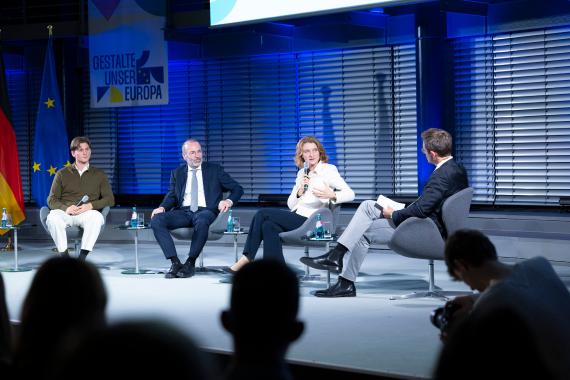 Welches Narrativ Europa zukünftig tragen könne, war eine Frage, die Moderator Dr. Christian Johann in der Podiumsdiskussion stellte. Die Gegner von Europa versuchten es mit einem emotionalen Storytelling kaputt zu machen, antwortete Mathis Sieglerschmidt für die junge Generation: „Warum versuchen wir nicht mit einem emotionalen Storytelling Europa aufzubauen?“ Prof. Dr. Daniela Schwarzer, Vorständin der Bertelsmann Stiftung, stellte den Freiheitsbegriff ins Zentrum und knüpfte damit an das Leitmotiv des Abends an: „Das, was uns von denen unterscheidet, die uns bedrohen, ist, dass wir ein Kontinent sind, auf dem individuelle Freiheit, wirtschaftliche Freiheit, Wissenschaftsfreiheit und Kunstfreiheit garantiert sind.“ Europa müsse darüber hinaus „endlich die Rahmenbedingungen schaffen, von denen wir wissen, dass wir sie brauchen“. Dies umfasse die Vollendung des Binnenmarkts, die Kapitalmarktunion und die Digitalisierung. „Die Pläne dafür liegen seit Jahren in den Schubladen“, betonte Schwarzer. Manfred Weber schloss mit den Worten: „Wenn wir auf dieses Europa blicken, wird jede Generation vor der Aufgabe stehen, dieses Projekt wieder selbst zu erkämpfen und zu erdenken.“ Dafür müssten die Vorteile Europas immer wieder klar herausgestellt werden.
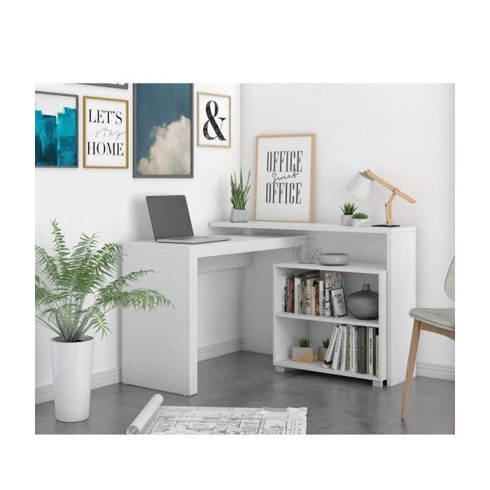 Escrivaninha Reta ou em L com Estante Baixa BRV Móveis Branco
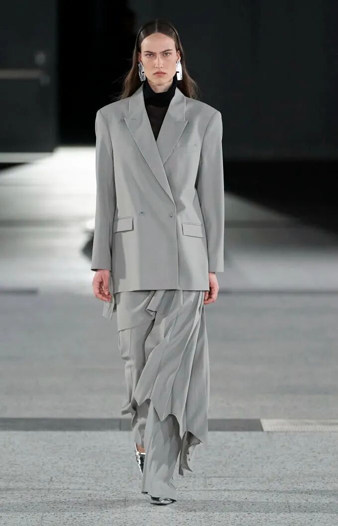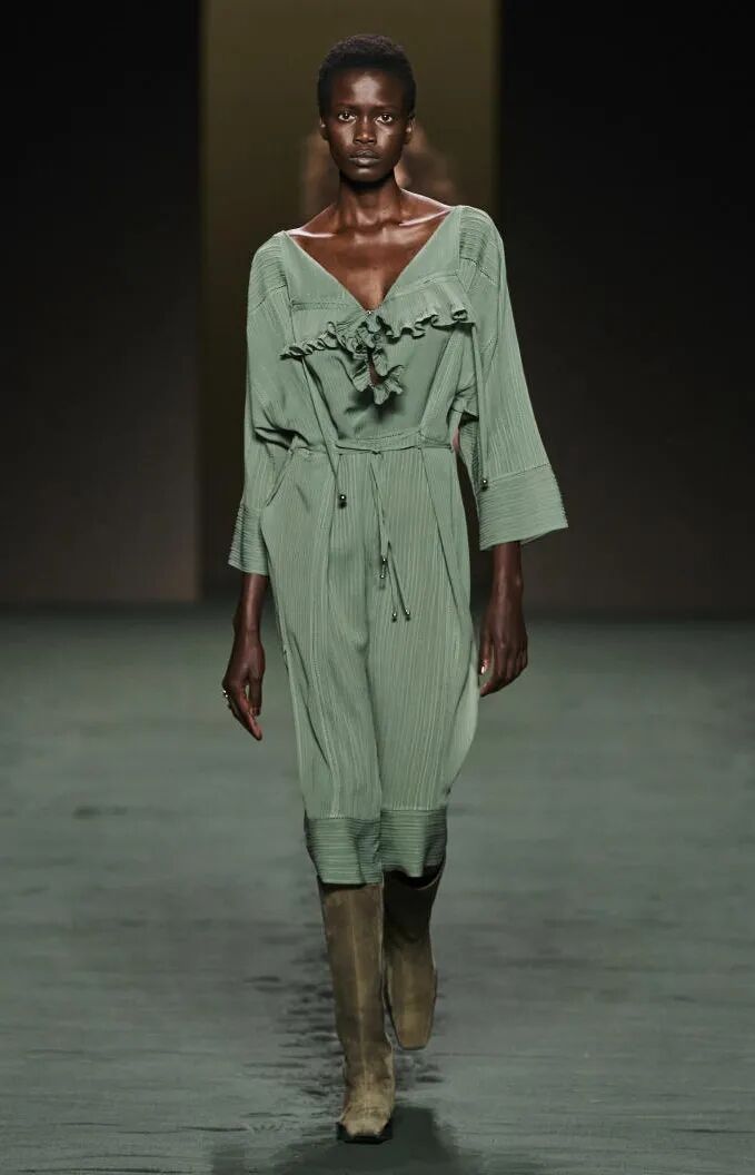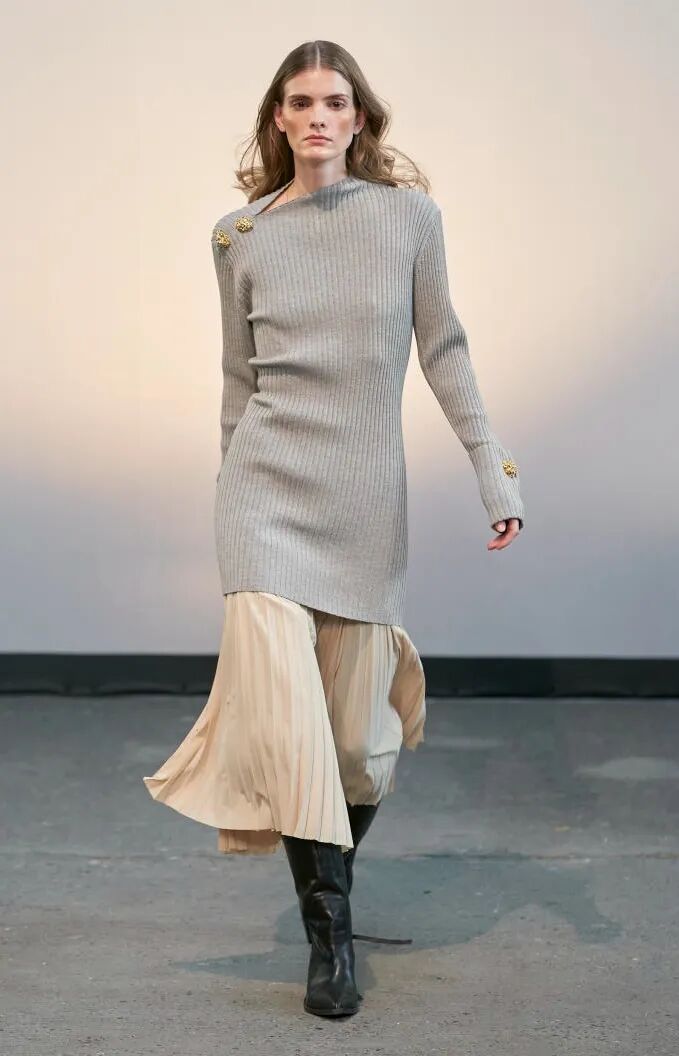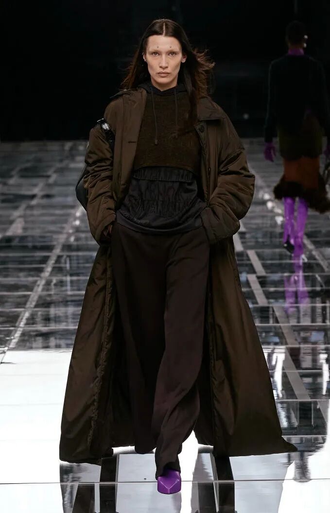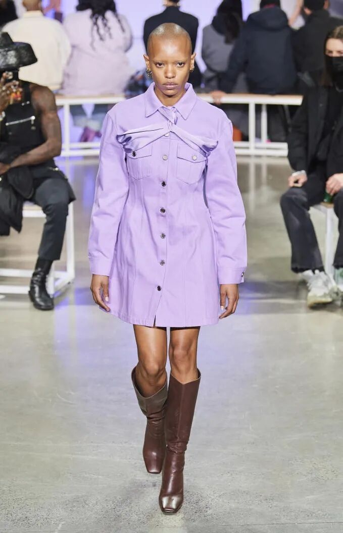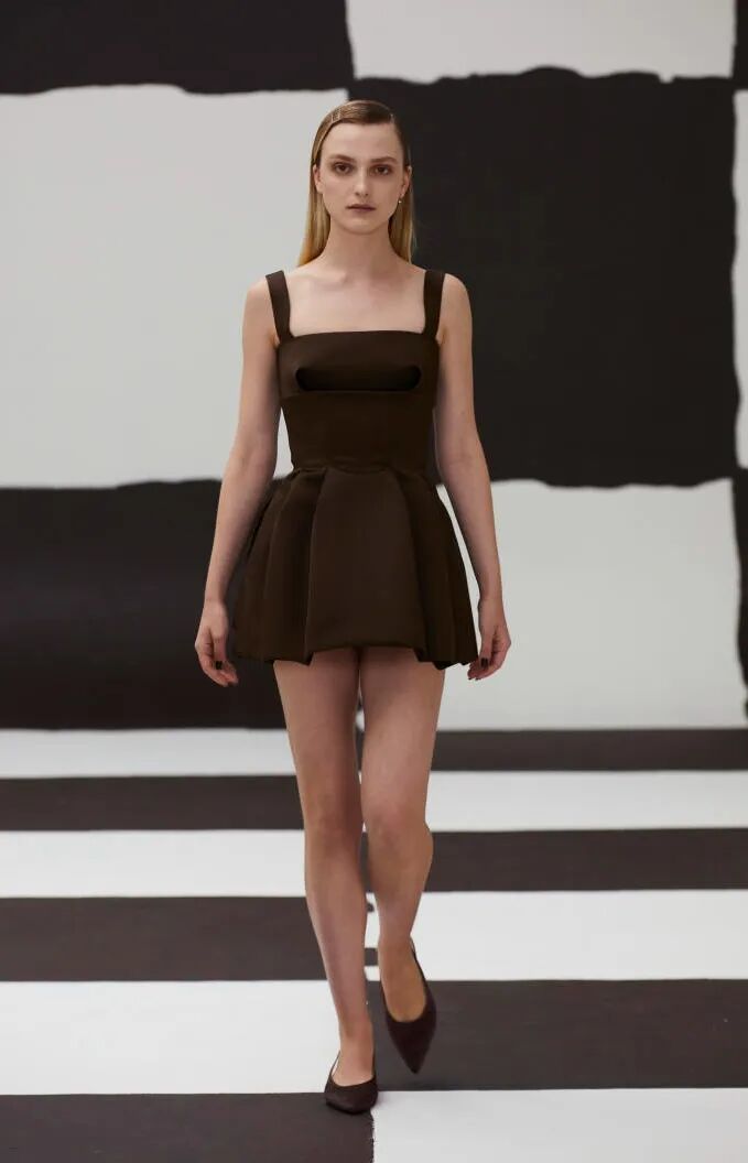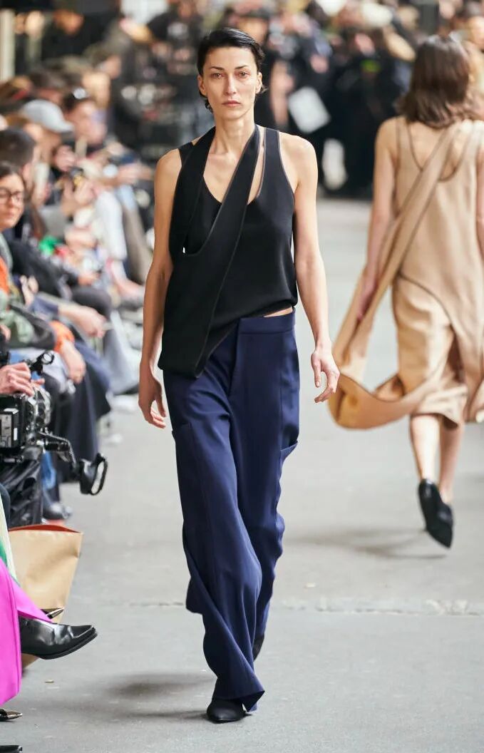 简单的黑色调可以搭配薄纱、蕾丝和高光泽面料,黑配黑的层搭设计则有助于塑造立体感外观。鞋品方面,黑色调适用于实用靴款。
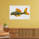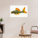 Original fine art design of a Goldy Pleco or Plecostomus by illustrator Carolyn McFann of Two Purring Cats Studio on a quality poster for tropical aquarium fish fans.
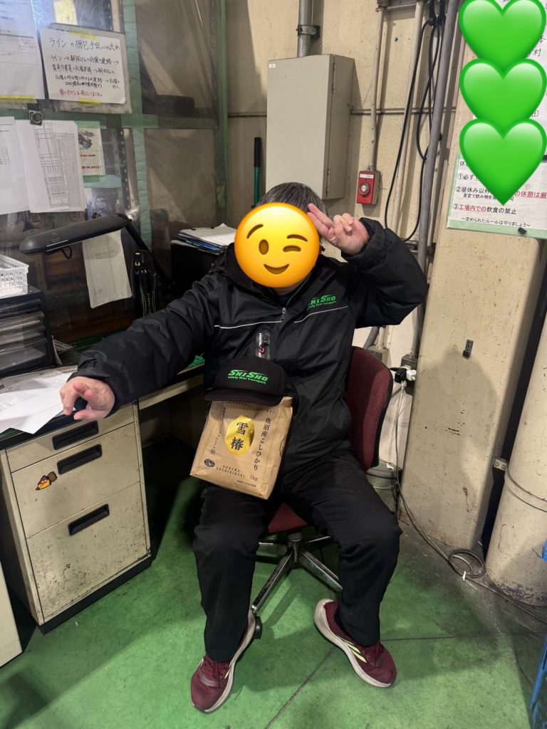 スタッフブログ 2026.01.23 おめでとうございます🍚 お誕生日の方と魚沼産コシヒカリ🍚の記念撮影です📷 この日をとても待ち望んでいた倉庫作業員さんです😽滅❣ポーズとウインクまでしていただきありがとうございます! お誕生日おめでとうございます🎂✨ ❄ドライバーさんからの写真❄ 前の記事
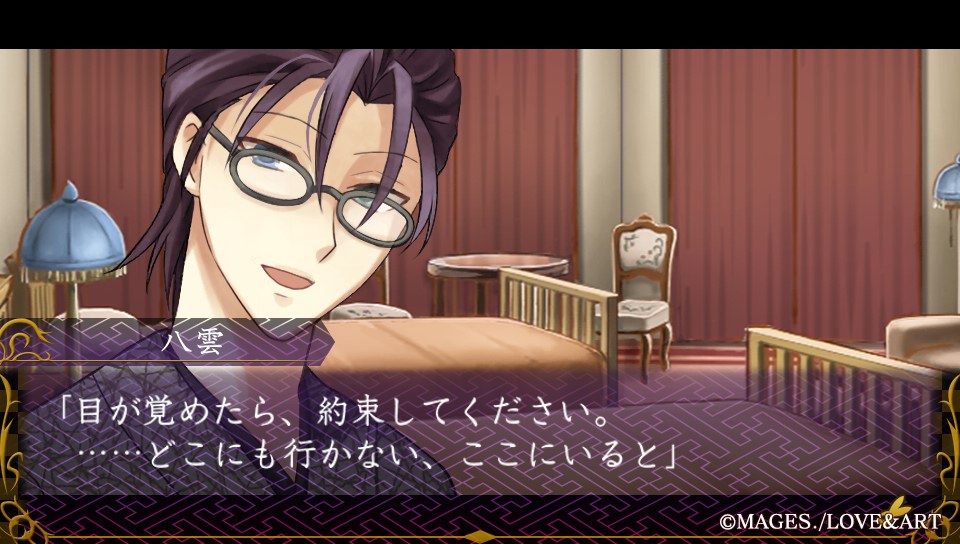 "저는 당신이 어떤 사람이라도 상관없어요. 타마요리든 아니든...... 사실은 어느쪽이든 상관없답니다. 저를, 사랑해 주시지 않으셔도 괜찮습니다. 연인이라 불러주지 않으셔도 상관없으니까...... 눈을 뜬다면, 약속해 주세요. ......어디에도 가지 않겠다고, 이곳에 있겠다고."
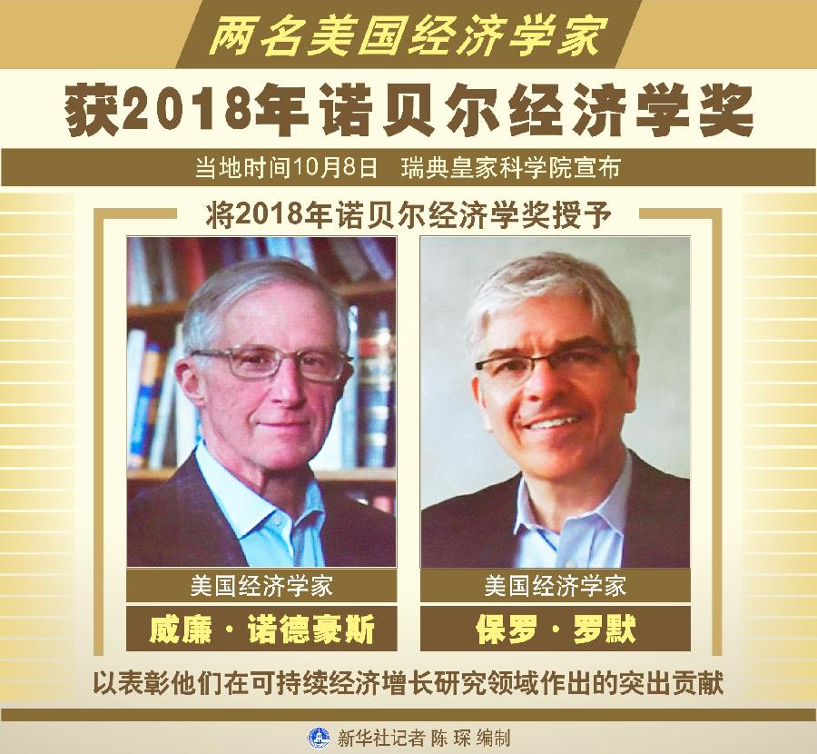 新华社斯德哥尔摩10月8日电 瑞典皇家科学院8日宣布,将2018年诺贝尔经济学奖授予美国经济学家威廉·诺德豪斯和保罗·罗默,以表彰他们在可持续经济增长研究领域作出的突出贡献。
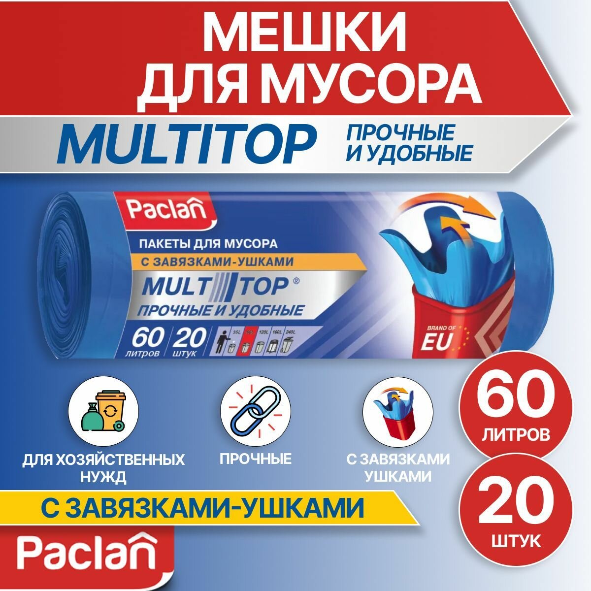 Мешки для мусора PACLAN Multitop 60л, 20шт - SEDO HOUSEHOLD products
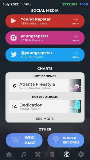 说唱歌手模拟器游戏是一款模拟养成类游戏,玩家需要创建自己的角色并对其进行养成,将自己的角色在游戏中打造成为歌手明星。在游戏中发布自己的音乐作品,出售并获取大量的财富,称霸音乐排行版,结交朋友,参与世界巡回演出和表演。
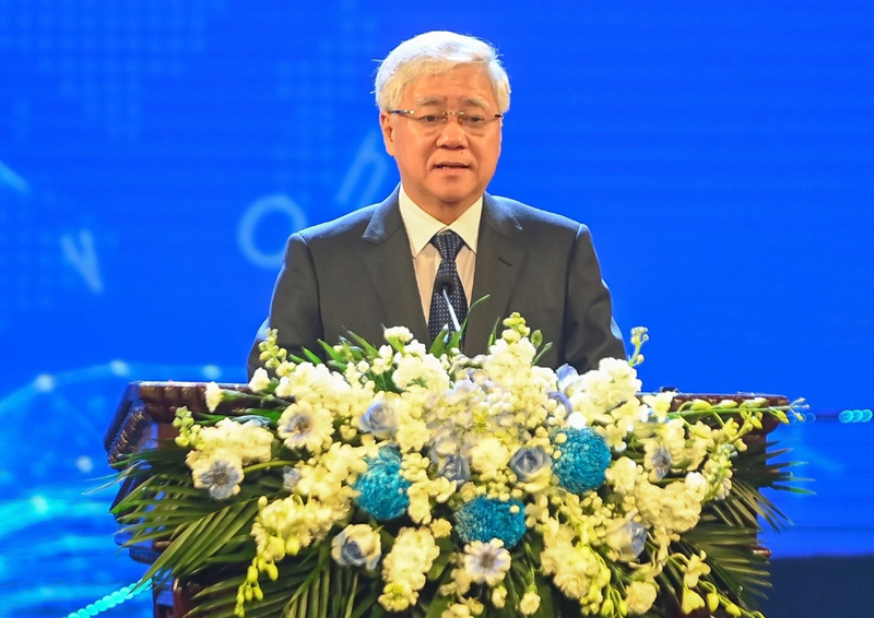 Đồng chí Đỗ Văn Chiến, Bí thư Trung ương Đảng, Chủ tịch Uỷ ban Trung ương Mặt trận Tổ quốc Việt Nam phát biểu tại lễ trao giải
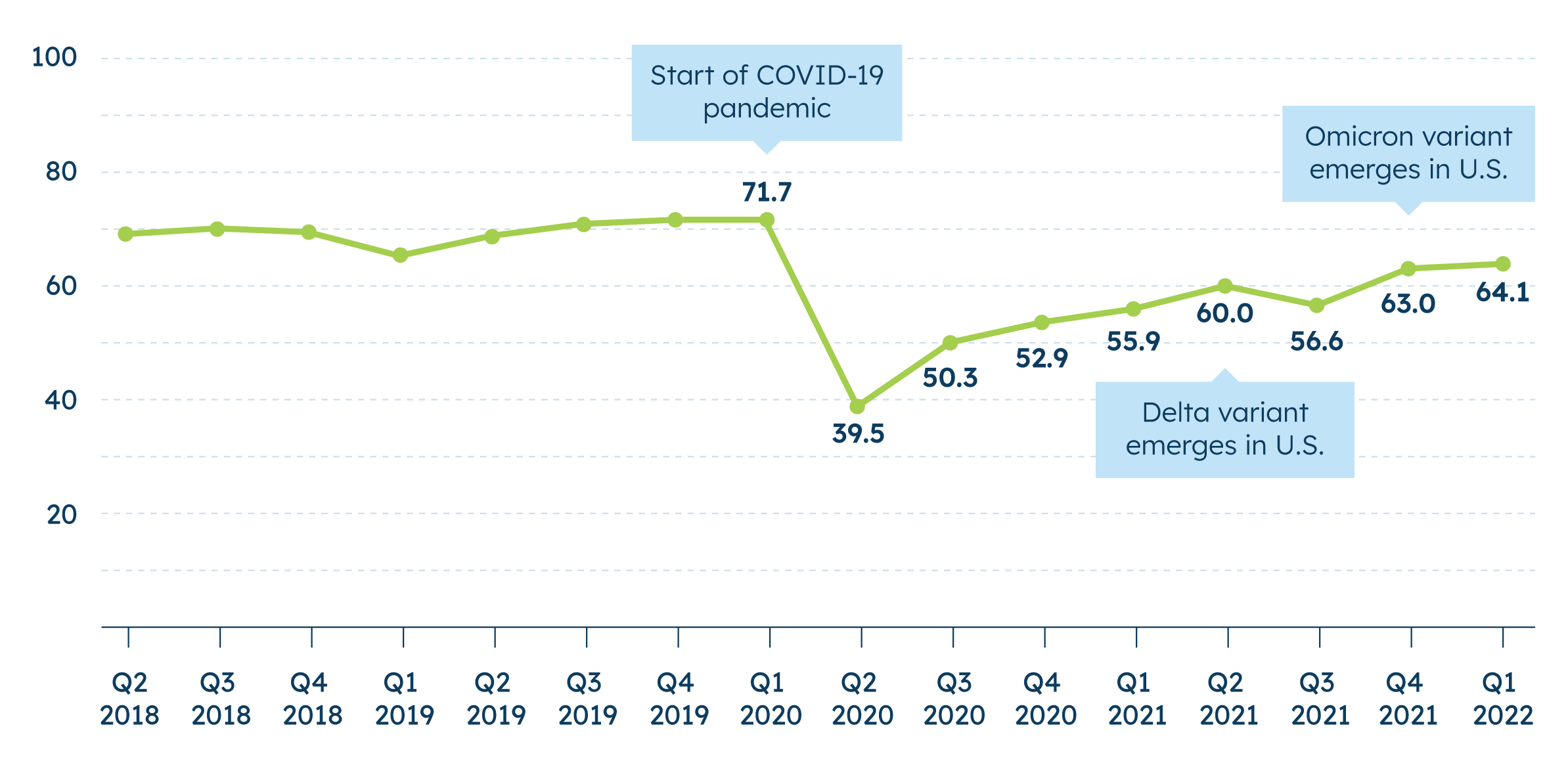 This quarter’s Small Business Index score is 64.1, the highest score since the start of the pandemic. This score is consistent with last quarter’s score of 63.0. (The low point of the pandemic was reached in 2020 Q2 when the score reached 39.5). This score comes after a tumultuous 2021, where the Index fluctuated more than usual, though ultimately it ended with increased optimism relative to the onset of the pandemic in 2020.
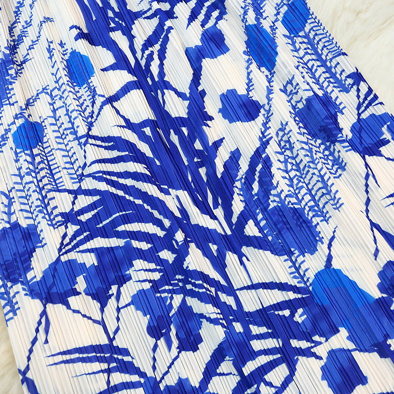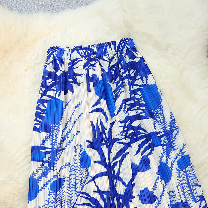 Blue Pleated Skirt Summer New Arrival Printed Design Niche Loose All-Match plus size Pleated Skirt
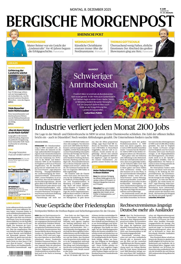 Die Bergische Morgenpost ist eine lokale Ausgabe der Tageszeitung Rheinische Post für das Bergische Land. Im ePaper finden Sie alle relevanten Nachrichten aus der Region, Deutschland und der Welt. Weiterlesen...
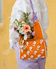 Molla-kalalanka 18-säikeinen oranssi (porkkana 45) 220 g, Liina-kalalanka 12-säikeinen luonnonvalkoinen (06) 30 g. Olkahihnaan Molla-kalalanka 18-säikeinen liila (orvokki 36) 40 g

* [Exercise directions]:
The line containing "Original fine art" marks the start: set down exactly that line and every line after it through the last line of the data, without any pictures.

* [Answer for this exercise]:
 Original fine art design of a Goldy Pleco or Plecostomus by illustrator Carolyn McFann of Two Purring Cats Studio on a quality poster for tropical aquarium fish fans.
 スタッフブログ 2026.01.23 おめでとうございます🍚 お誕生日の方と魚沼産コシヒカリ🍚の記念撮影です📷 この日をとても待ち望んでいた倉庫作業員さんです😽滅❣ポーズとウインクまでしていただきありがとうございます! お誕生日おめでとうございます🎂✨ ❄ドライバーさんからの写真❄ 前の記事
 "저는 당신이 어떤 사람이라도 상관없어요. 타마요리든 아니든...... 사실은 어느쪽이든 상관없답니다. 저를, 사랑해 주시지 않으셔도 괜찮습니다. 연인이라 불러주지 않으셔도 상관없으니까...... 눈을 뜬다면, 약속해 주세요. ......어디에도 가지 않겠다고, 이곳에 있겠다고."
 新华社斯德哥尔摩10月8日电 瑞典皇家科学院8日宣布,将2018年诺贝尔经济学奖授予美国经济学家威廉·诺德豪斯和保罗·罗默,以表彰他们在可持续经济增长研究领域作出的突出贡献。
 Мешки для мусора PACLAN Multitop 60л, 20шт - SEDO HOUSEHOLD products
 说唱歌手模拟器游戏是一款模拟养成类游戏,玩家需要创建自己的角色并对其进行养成,将自己的角色在游戏中打造成为歌手明星。在游戏中发布自己的音乐作品,出售并获取大量的财富,称霸音乐排行版,结交朋友,参与世界巡回演出和表演。
 Đồng chí Đỗ Văn Chiến, Bí thư Trung ương Đảng, Chủ tịch Uỷ ban Trung ương Mặt trận Tổ quốc Việt Nam phát biểu tại lễ trao giải
 This quarter’s Small Business Index score is 64.1, the highest score since the start of the pandemic. This score is consistent with last quarter’s score of 63.0. (The low point of the pandemic was reached in 2020 Q2 when the score reached 39.5). This score comes after a tumultuous 2021, where the Index fluctuated more than usual, though ultimately it ended with increased optimism relative to the onset of the pandemic in 2020.
 Blue Pleated Skirt Summer New Arrival Printed Design Niche Loose All-Match plus size Pleated Skirt
 Die Bergische Morgenpost ist eine lokale Ausgabe der Tageszeitung Rheinische Post für das Bergische Land. Im ePaper finden Sie alle relevanten Nachrichten aus der Region, Deutschland und der Welt. Weiterlesen...
 Molla-kalalanka 18-säikeinen oranssi (porkkana 45) 220 g, Liina-kalalanka 12-säikeinen luonnonvalkoinen (06) 30 g. Olkahihnaan Molla-kalalanka 18-säikeinen liila (orvokki 36) 40 g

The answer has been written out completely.